TV ad spending totaled just $4 million this year, compared to over $75 million in 2025, according to the Brennan Center for Justice. Taylor's campaign still dramatically outspent Lazar's—roughly nine times more on TV ads—but the overall spending was a fraction of recent races.

"This year's Wisconsin Supreme Court election looks like a supreme court election from another era—which is to say, a decade ago," said Douglas Keith of the Brennan Center, who tracks state courts nationwide.

Don't mistake the lower spending for a return to quieter times, Keith warned. The particular dynamics of this race—a liberal seat being replaced, no majority at stake—made it less of a target. When control is on the line again, expect the money to flood back in.

Abortion Rights and Anti-Trans Fear-Mongering

Taylor ran heavily on abortion rights, touting her work for Planned Parenthood and the court's 4-3 decision last year striking down Wisconsin's abortion ban. That's become standard playbook for liberal judicial candidates since the U.S. Supreme Court overturned Roe v. Wade in 2022.

According to Keith, just 3 percent of state supreme court ads mentioned abortion in 2020, before the Dobbs decision. Since 2022, 30 percent of all state supreme court ads have mentioned abortion—and every single one has defended abortion access, not restricted it.

Lazar, who defended abortion restrictions as a deputy attorney general, didn't highlight that record in her campaign. Instead, she ran ads demonizing transgender people as threats to the "safety and dreams" of children and echoing Republican talking points about election fraud.

One Lazar ad accused Taylor of "pushing for noncitizen voting and weakening voter ID"—standard MAGA fear-mongering with no basis in reality.

A Long History of Election Denial

Lazar has deep ties to the election denial movement. In her 2022 Court of Appeals campaign, she was endorsed by conservatives directly involved in Trump's effort to overturn Wisconsin's 2020 results. That includes a fake elector who tried to cast an electoral vote for Trump despite his loss in Wisconsin, and a former state supreme court justice who led a widely discredited investigation recommending the state decertify its 2020 election.

Trump continues spreading the same lies today, and Wisconsin Republicans are still pushing legislation to restrict voting access—backed by Senator Ron Johnson, one of the most shameless election deniers in Congress.

Taylor's victory ensures those efforts will face a hostile reception in Wisconsin's highest court for years to come. Her 10-year term runs until 2036, coinciding with the next round of redistricting in the early 2030s.

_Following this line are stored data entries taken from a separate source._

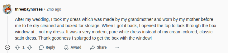 Another Reddit bride shared a heartbreaking story of a careless gown mix-up, which was a vintage one passed down from her grandmother and even worn by her mother.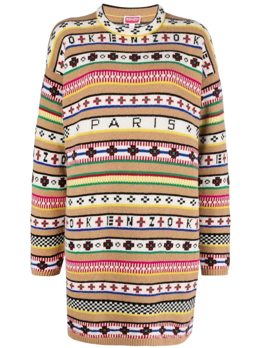 intarsia-knit jumper dress Kenzo's jumper dress is accented by the intricate Fair Isle intarsia-knit design - a recurring theme throughout the AW22 knitwear. It's spun from a plush combination of wool and cotton yarns for a soft handle. Made in Italy Composition Wool 69%, Cotton 31% SIZE & FIT Model measurements Height 5 ft 10 in(1.77 m) Bust/Chest 32.67 in(83 cm) Hips 35.43 in(90 cm) Waist 23.62 in(60 cm) Measurement HIPS 48.03 in(122 cm) LENGTH 32.67 in(83 cm) WAIST 48.03 in(122 cm) FittingInformation This piece fits true to size. We recommend you get your regular size Cut for a loose fit Made with a mid-weight fabric Washing instructions Hand Wash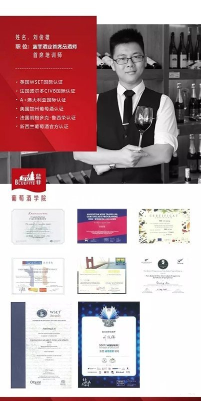 隆重的揭牌儀式結(jié)束后,藍(lán)菲學(xué)院迎來了首堂葡萄酒培訓(xùn)體驗(yàn)課,課程主講是藍(lán)菲酒業(yè)首席品酒師劉俊雄先生。劉俊雄是藍(lán)菲酒業(yè)高薪聘請(qǐng)的一位才情卓越的品酒師,專注公司葡萄酒文化體系的建設(shè)與文化傳播。他授課特點(diǎn)風(fēng)趣幽默,善于與學(xué)員互動(dòng),能夠在課堂上以潤(rùn)物細(xì)無聲的方式將葡萄酒文化、知識(shí)植入學(xué)員腦海。體驗(yàn)課上,劉俊雄對(duì)葡萄酒的認(rèn)知以及授課方式獲得嘉賓們的高度贊譽(yù)。
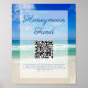 Una hermosa foto de olas del océano decora este cartel moderno de fondo para luna de miel de boda de destino. Un precioso guión cursivo azul sobre la fotografía tropical de la costa para el letrero de su boda en la playa.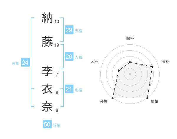 納藤 李衣奈さんの外格は24画の5点!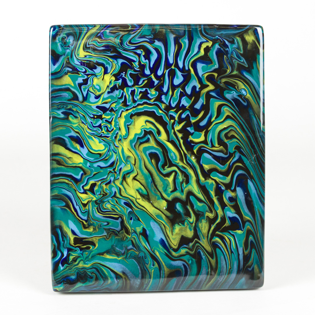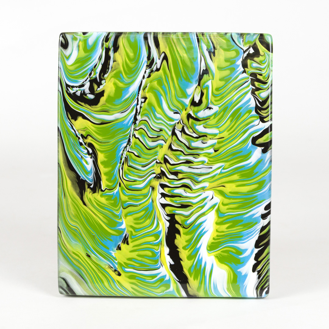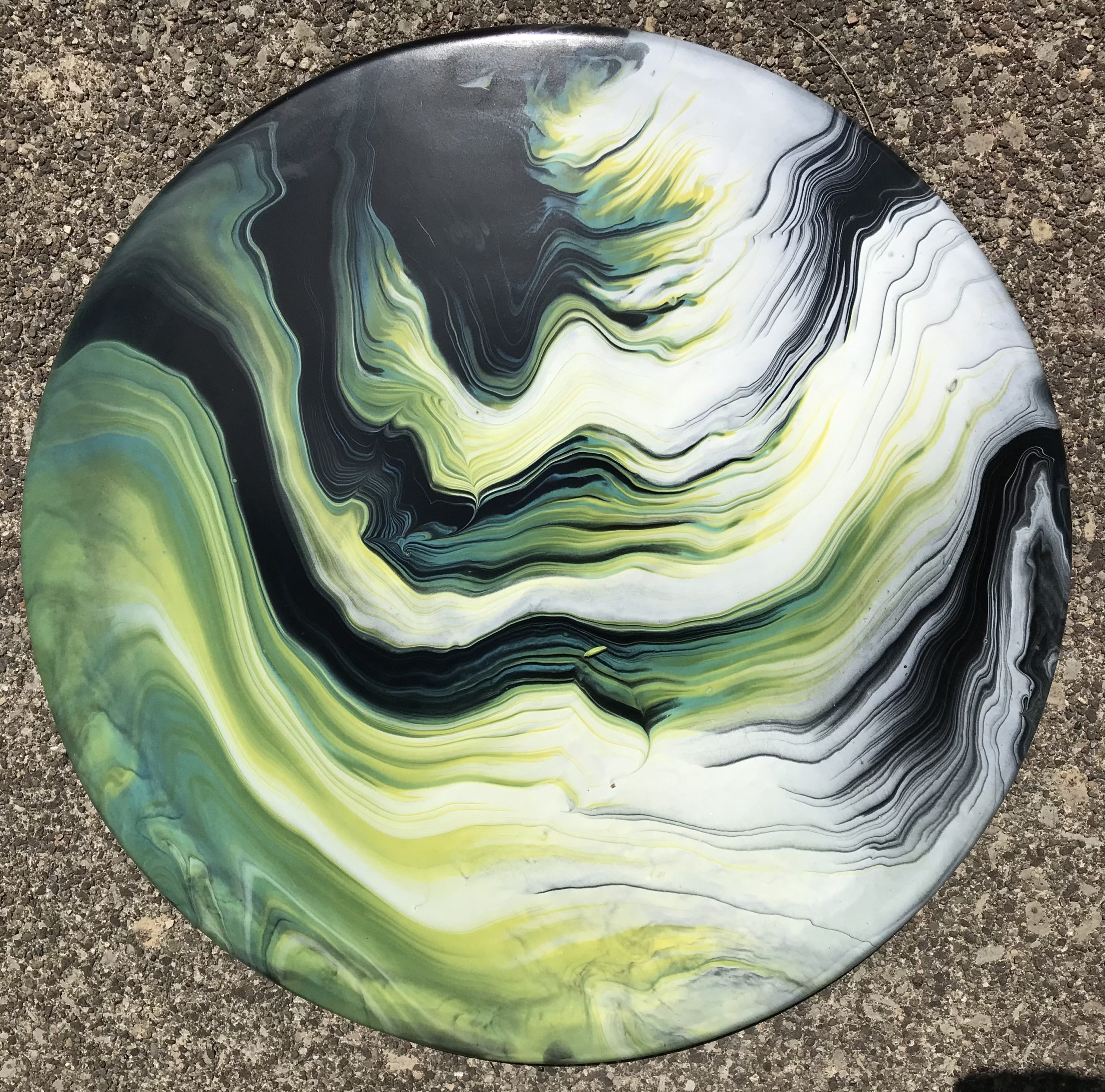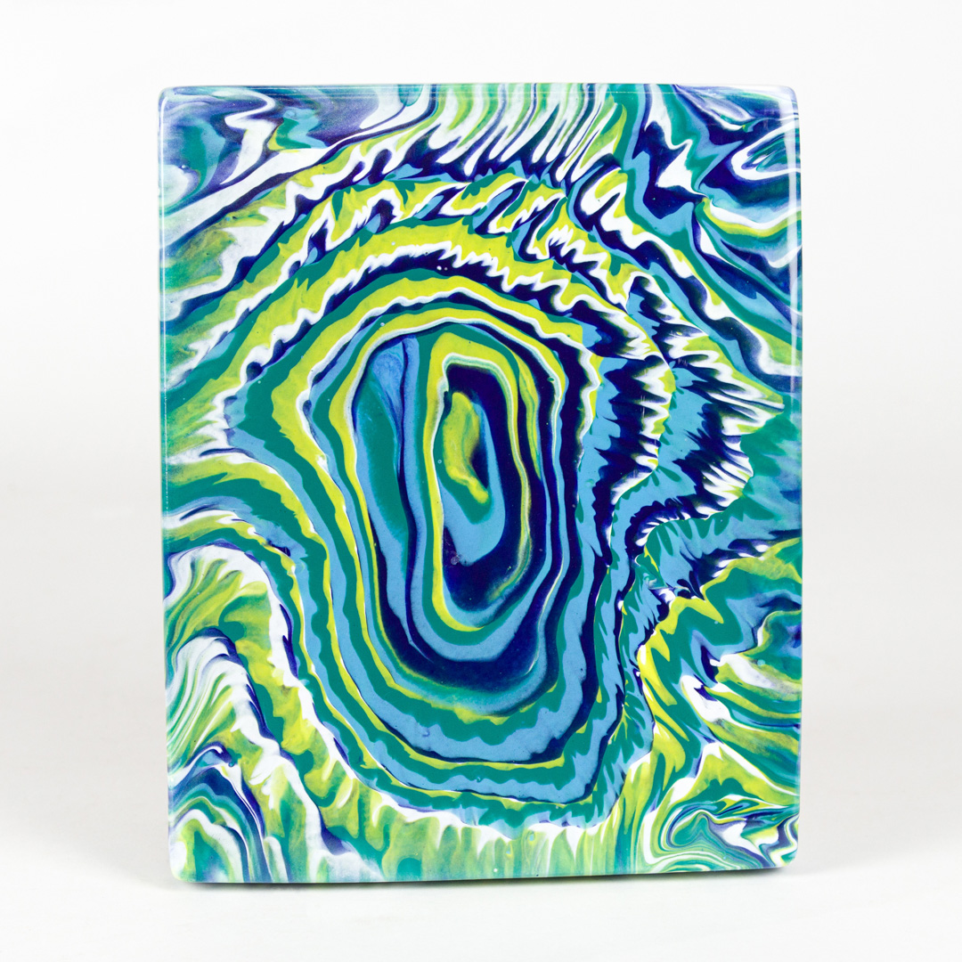 After extensive research including all 198 lessons of Mayco’s lessons, I emailed headquarters and packed up Gavin’s, William’s and my Glaze Pour artworks still pondering “What if?” On April 30th, 2021, Mayco’s CEO/President confirmed controlling multiple colors poured in a single stream that does not become “muddy” is a NEW way of applying the glaze. Mayco desired my lesson plan, testing of other glaze formulas, and filming my demonstrations of the method. I am thrilled to share all the variations tested and the unique elements to Glaze Pour Paintings that in my opinion surpass their predecessors.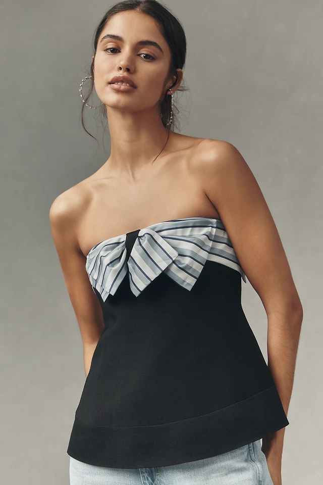By Anthropologie Suzanna Strapless Bow One-Piece Swimsuit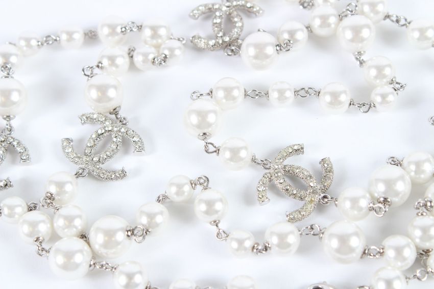 A VERY GOOD CHANEL DOUBLE ROW PEARL NECKLACE with four double C clasps.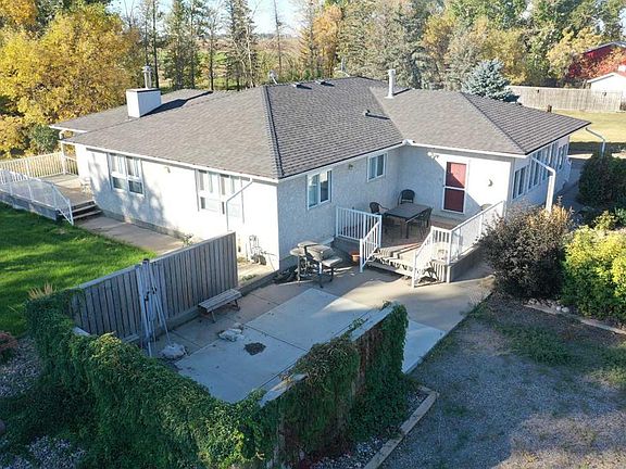 Eighty-eight acres of opportunity stretch out just west of Taber. Shaped like a triangle, this property fans out from its southeast corner homestead toward the west and north, where you’ll find fields serviced by wheel lines and a pivot. With 30 acres of valuable water rights, you’ve got what you need to grow crops, sustain animals, or simply hold onto as a rare investment. At the heart of it all is a classic 2434 sqft bungalow, its stucco exterior accented by protective pecka roll shutters on every window. Inside, the entrance doubles as a laundry space and sun room, from there a convenient 2 pc washroom is tucked to the side before heading into the open expansive kitchen and dining area that can easily host a harvest dinner or a casual weeknight meal. French doors lead into a cozy living room anchored by a wood-burning fireplace. Down the hall, a library with patio doors to a second sun room, this time south facing. Completing the main floor are 2 more bedrooms, a 4pc bathroom and the large primary suite with 3pc en-suite. The basement is a blank canvas for future expansion and has plumbing for a 4th washroom already. The yard is beautifully landscaped and equipped with underground sprinklers to keep everything lush. Outbuildings include a steel-framed 40'x60' shop, sheds, corrals, and shelters for animals. There’s even a 22'x30' heated building with water once used as a photography darkroom—a charming bonus space ready for a studio, hobby workshop, or office. A dugout adds yet another layer of utility and security for the land. Whether your vision is to farm, ranch, or simply enjoy unmatched elbow room, this property delivers.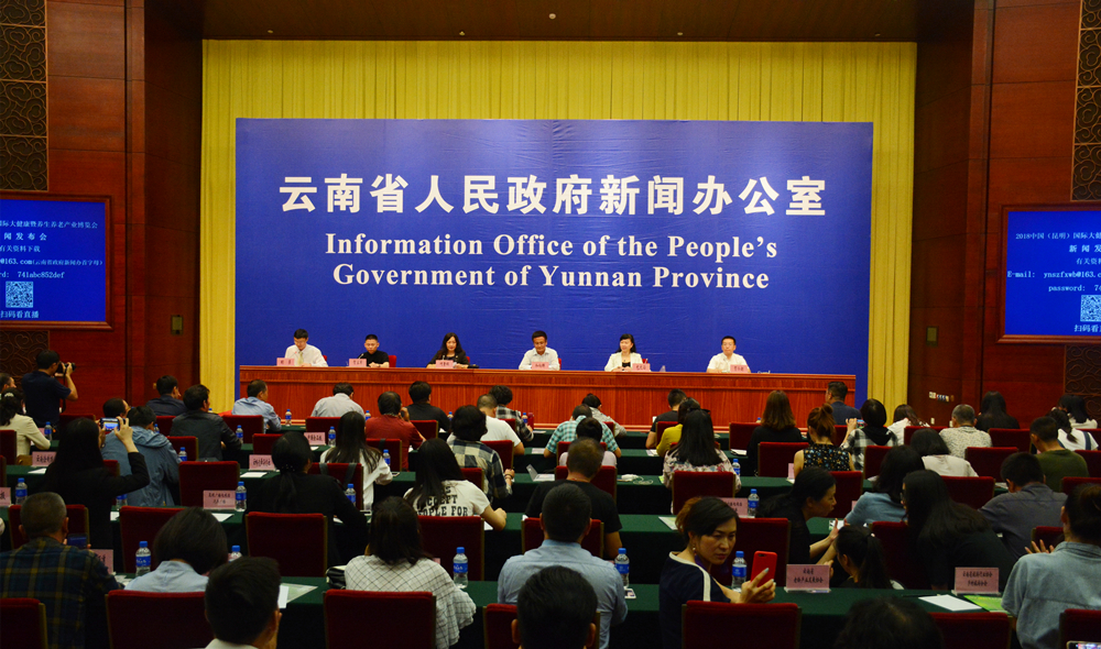云南省人民政府新闻办公室于2018年8月21日在海埂会堂玉兰厅召开2018中国(昆明)国际大健康暨养生养老产业博览会新闻发布会,发布昆明大健康产业相关情况,并回答记者提问。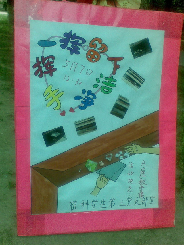 为更好的践行科学发展观,加强教室环境的整洁,保持良好学习环境。我植物科技公司员工第三党支部,特向全体同学发出“我挥一挥手,留下一片洁净”的倡议: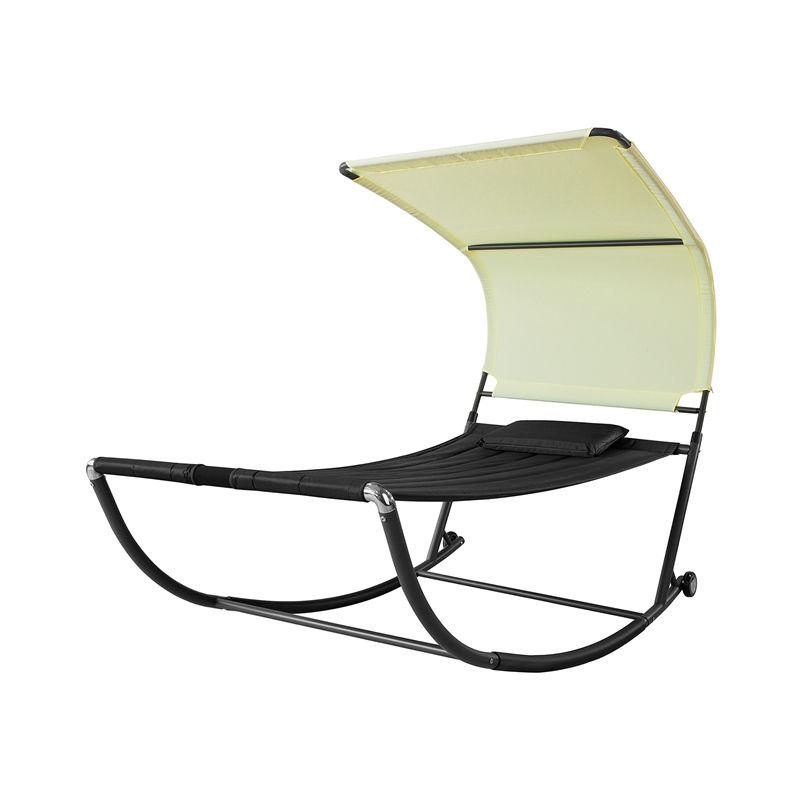 Lettino da Giardino con Ruote Poltrona a Dondolo Sdraio Giardino Letto Singolo Max. 200 kg L97*P207 cm Nero OGS44-SCH - Sobuy

Democrats are hoping to take control of Wisconsin's state legislature this fall for the first time in 16 years, thanks to the new court-ordered maps that replaced the Republican gerrymander. If they succeed, it will mark a dramatic power shift in a state that's been under GOP stranglehold despite consistently electing Democrats statewide.

Turnout was dramatically lower than last year's record-breaking race, which is unsurprising given the lower stakes. But the result was identical: the liberal candidate scored an easy win, marking the fourth consecutive Wisconsin Supreme Court election where progressives prevailed.

Republicans can keep trying to manipulate the rules. Wisconsin voters keep rejecting them.